Alison shot her a sidelong glance. "No, no, I'm really not ready."
Beth shrugged.
"Anyway," said Alison, barely louder than the splatter of the rain,"I like having lessons with you."
"I live across the street," said Beth with a small smile, "It's not like you're never going to see me again."
"Mmm."
"We can do stuff together. I'll take you to my favorite diner."
"Sounds good."
"We can go to the movies."
"Okay."
"We can go running together."
"Mmm, no."
"Fine. We can hang out in parking lots together."
"Okay," said Alison, laughing.
"So, just to be clear," said Beth with a bit of a smirk, "the only reason you don't want to get your license is so you don't have to stop taking lessons with me."
"No," said Alison. There was a bit of leaf being washed down the windshield, and she was focusing on it intently. "But, I mean, I like you."
"Good," said Beth. "I like you too."
Alison tore her gaze away from the leaf to look at Beth. Her lips were quirked into a half-smile (they were very nice lips) and her eyebrows were a little raised (they were very nice eyebrows).
"I'm not-" Alison started, and then stopped, because she was.
"Not what?"
She could see her reflection growing in Beth's eyes.

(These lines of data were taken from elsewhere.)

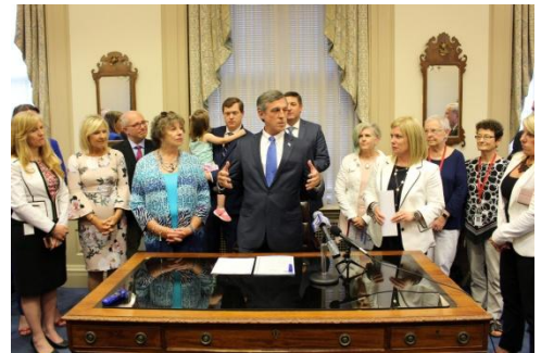
Governor Carney is signing HB 38 which allows for early voting bill. He is surrounded by legislators and election reform advocates.

HB 73 is the first “leg” of a Constitutional amendment that would eliminate restrictions on absentee voting. It passed the House with only three negative votes but in the Senate, it failed to receive the two Republican votes needed. Recognizing the inability to get the needed votes, Sen. Bryan Townsend voted no, which gives him the ability to bring the bill up again in 2020 to try again to meet the two thirds majority required for constitutional amendments. It would then need to be passed again in the next Session in 2021-22.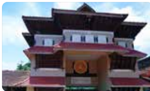
22 Panachikkadu Festival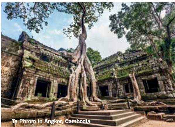
Ta Phrom in Angkor, Cambodia

We recommend you take cash in USD which can be exchanged at major (Thai) banks in Vientiane, or at upmarket hotels in Vientiane and Luang Prabang. It is easier and you will get a better conversion rate if you buy USD before leaving the UK.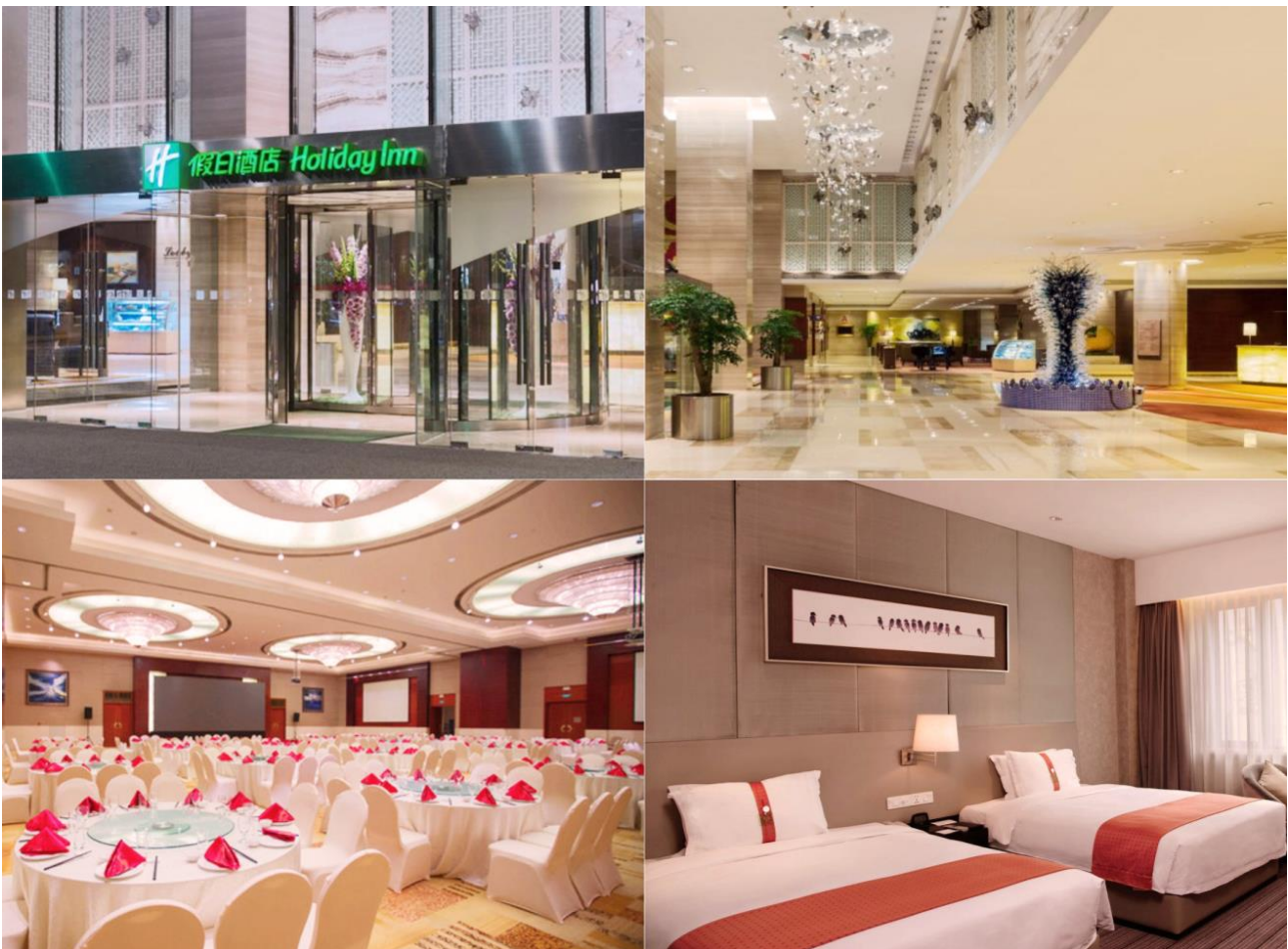
Holiday Inn Aqua City Nanjing

Holiday Inn Aqua City Nanjing is located next to Xinjiekou CBD and Confucius Temple district, with walking distance to metro line 1 Sanshanjie Station and line 3 Fuzimiao Station. About 15 mins by metro to Nanjing South Station or Nanjing Station. With 45km in 40mins distance to Nanjing Lukou International Airport. The hotel is connected to Aqua City shopping mall. Shopping Fun and Maoye Plaza are also nearby. From the hotel you can walk to the Nanjing historical Qinhuai River. There are also the East Zhonghua Gate Historical Culture Block, Zhanyuan Garden, Former Residence of Ganxi, Zhonghua Gate and Porcelain Tower of Nanjing around the hotel. The hotel has five multi-function meeting rooms, ranging from 60-120 square meters provide diversified services, a full range of facilities and equipment. The hotel is able to fully meet the needs of events in any size and is a great choice for conferences and banquets. The environment of the lobby bar is easy and pleasant. It is a place for business meetings and conversations with friends, 5F a tastefully modern all-day dining restaurant can provide fresh and delicious food. 6F the gym and swimming pool are available for guests. As well as the business centre and executive club lounge. Check into the Holiday Inn Aqua City Nanjing, you will have a relaxed and comfortable business or vacation trip.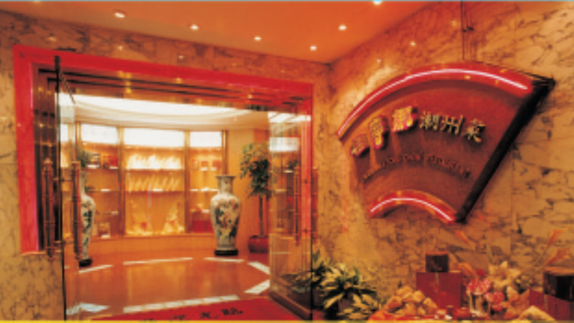
The newly renovated Carrianna restaurant at Hotel Oriental Regent, Shenzhen.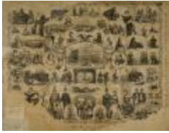
Poster: "Barnum's American Museum, Performance Three Times Daily, [Sun]rise till 10" (T 2014.025.001)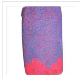
Cotton Handloom Durries

"Never mind," she whispered, and then she finally bridged the distance-it had been years she had waited-and they were kissing, lips touching, hands touching, fingers twining. Kissing Beth was like drinking champagne-it made her lips fizz and her head spin.
Oh.
They broke apart, hands still touching.
"Okay," said Alison, breathlessly, stupidly.
"Just okay?" said Beth, with her trademark smirk, just a hint of real insecurity.

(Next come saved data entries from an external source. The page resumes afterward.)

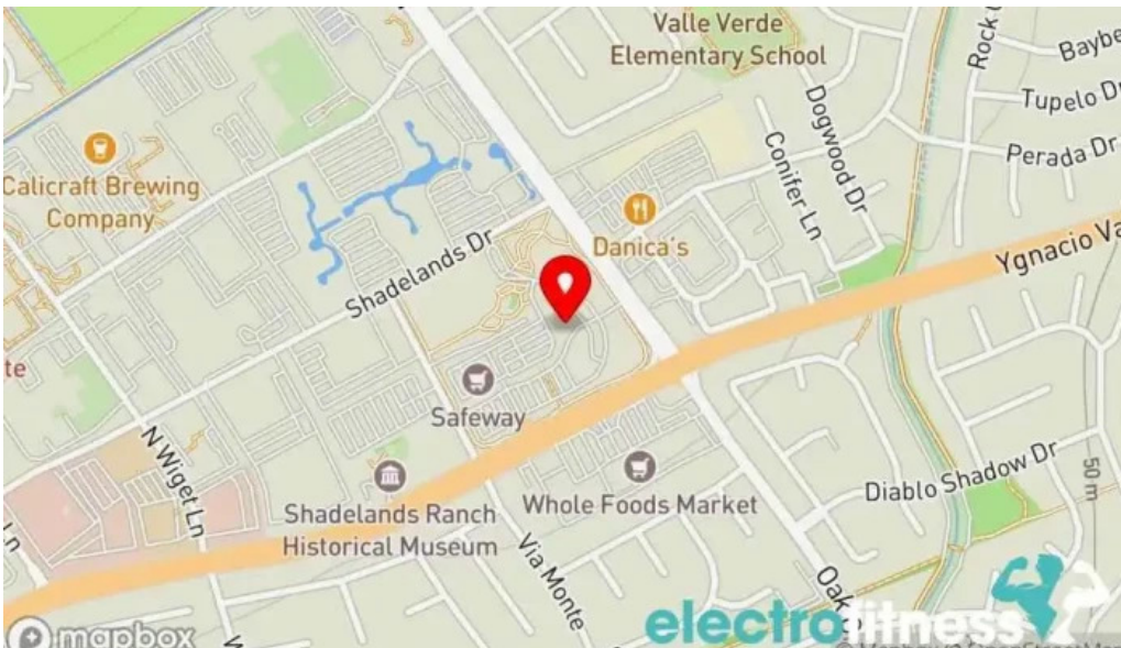
Crunch fitness walnut creek map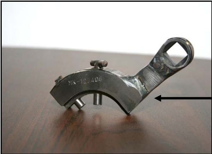
ROCK BURST VALVE WRENCH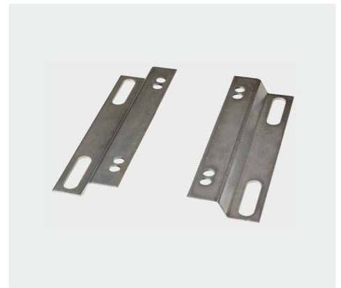
Adjustable feet for pumps incl. 4 screws. For Annovi Reverberi XM, XMS, XMA, RK, RKA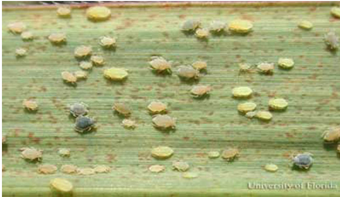
Figure 2. Mixed colony of white, Melanaphis sacchari , and yellow, Sipha flava (Forbes), sugarcane aphids on sugarcane, Saccharum officinarum .

It is not uncommon to find Melanaphis sacchari ('white sugarcane aphid') in small populations dispersed among S. flava on sugarcane leaves. Interestingly, S. flava does not produce an alarm pheromone, but it responds to the alarm pheromone of M. sacchari by quickly falling from the plant.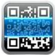
QR Scanner (available on the iPhone APP Store)

If you do not have a QR scanner on your phone, you can install one of the following free scanners from the iPhone App Store or the Google Play Store: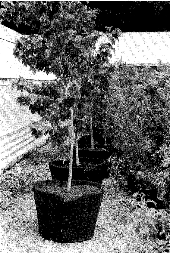
Figure 8. The "Soil Sock" container combining a wire basket with a foam liner.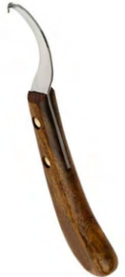
V-837 HOOF KNIVES

Alison didn't say anything-she just leaned in again.
This time, they made more contact-Beth tentatively draping her arms around Alison's shoulders, Alison shyly putting her hand to Beth's face, thumb to cheek. Like an inexperienced swimmer moving into new waters, ginger.
Beth whispered something against Alison's lips, probably a swear, and Alison smiled, planting tiny kisses along Beth's cheekbone.
I have spent nineteen years of my life not doing this, thought Alison. I have wasted nineteen years.
But nineteen years of nothing, she thought, was worth two weeks of Beth.